Hal Gumbert 10:07 am - 2nd February:

Hi Alan,

I was wondering if you’ve tried to combine exported sites for the same database.

Let’s say you export a site for Contacts and a site for Invoices. I believe that if you do so, you need to login to Contacts and then if you switch to Invoices, you must login again.

Do you know what steps must be taken to combine the login info for the sites so only one login is required?

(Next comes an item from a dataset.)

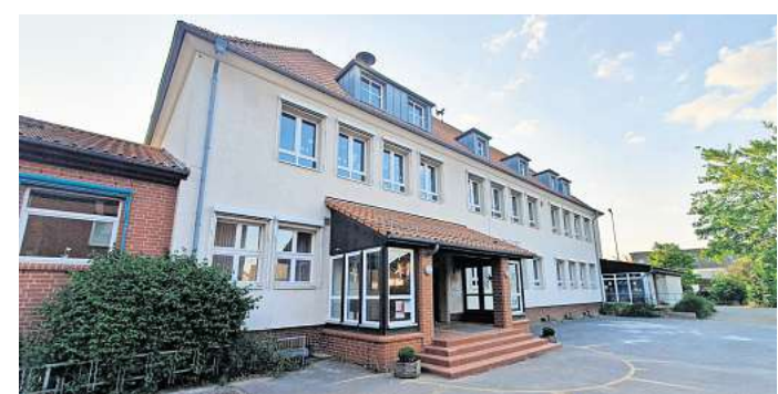
Bleibt „nach heutiger Einschätzung“ zweizügig: Grundschule Grasdorf.

Eggert stellte nun klar, dass die Planung noch dauern dürfte –

Alan Bruce 12:06 pm - 2nd February:

I haven’t played around with this too much, but I did try it out quickly. It looks like the user name and password are stored in Session variables (if you aren’t familiar with PHP, Sessions let you carry data from one page to another in PHP). In the sites created by the Site Assistant, most of this seems to be handled in the FMView.php file; in fact, one of first lines in the file sets the name of the session ( session_name(“abcd”) ); if you set the session name to be the same for every site, that looks like it takes care of the problem.

Hal Gumbert 2:24 pm - 2nd February:

Thanks Alan!

I just tried exporting two sites, made the session names match and I was able to jump from site to site without logging back in!

Use the PHP Site Assistant a bit, but not too much. Updating the session name makes it easier to use…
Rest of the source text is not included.